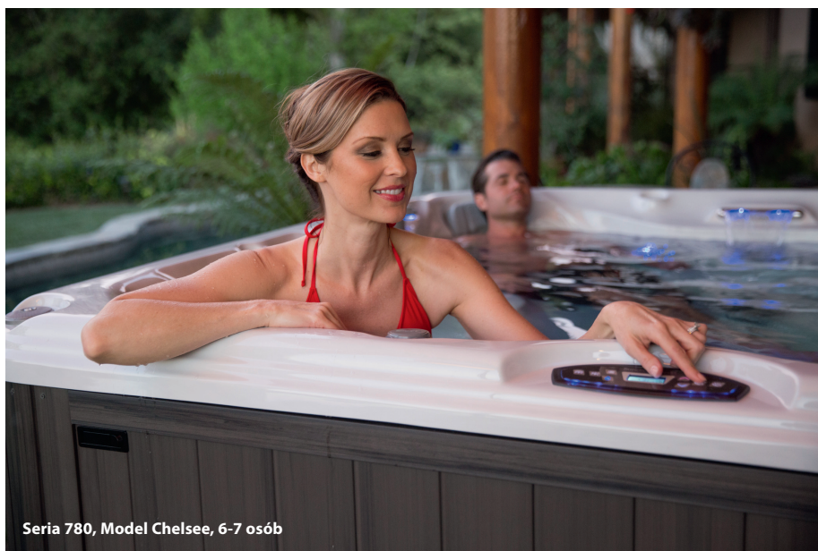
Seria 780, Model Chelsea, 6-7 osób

...

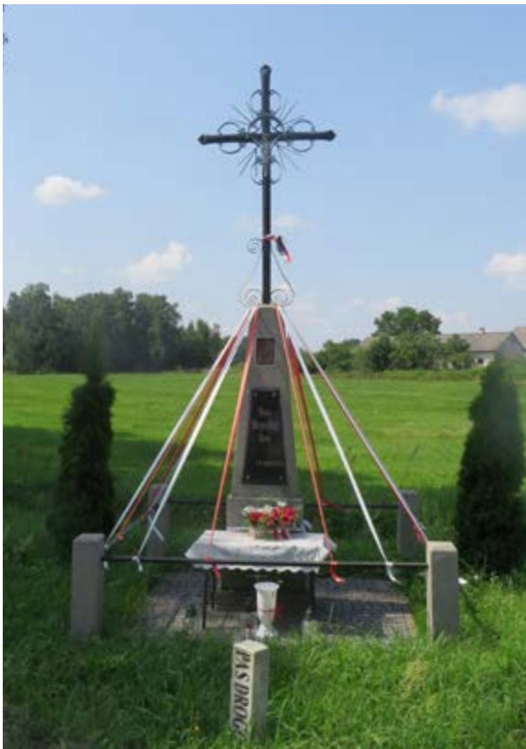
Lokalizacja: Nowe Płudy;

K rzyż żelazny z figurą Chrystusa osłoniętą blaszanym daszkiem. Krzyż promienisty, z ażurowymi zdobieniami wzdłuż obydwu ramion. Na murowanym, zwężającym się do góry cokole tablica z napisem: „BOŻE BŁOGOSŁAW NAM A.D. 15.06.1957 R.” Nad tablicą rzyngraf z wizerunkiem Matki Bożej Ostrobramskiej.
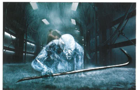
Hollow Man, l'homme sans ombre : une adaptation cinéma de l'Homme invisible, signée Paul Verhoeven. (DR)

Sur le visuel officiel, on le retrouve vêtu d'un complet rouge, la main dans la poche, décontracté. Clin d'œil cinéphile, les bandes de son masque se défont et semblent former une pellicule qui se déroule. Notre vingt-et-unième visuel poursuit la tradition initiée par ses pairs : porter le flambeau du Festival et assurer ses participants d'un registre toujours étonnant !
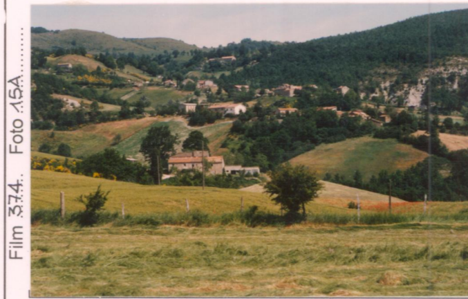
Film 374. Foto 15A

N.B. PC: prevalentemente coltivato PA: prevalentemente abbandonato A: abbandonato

◆ Task statement:
Given the records above, reproduce precisely and only the lines between the line holding "Film 374. Foto 15A" and the line holding "N.B. PC: prevalentemente", inclusive.

◆ Solution for this task:
Film 374. Foto 15A

N.B. PC: prevalentemente coltivato PA: prevalentemente abbandonato A: abbandonato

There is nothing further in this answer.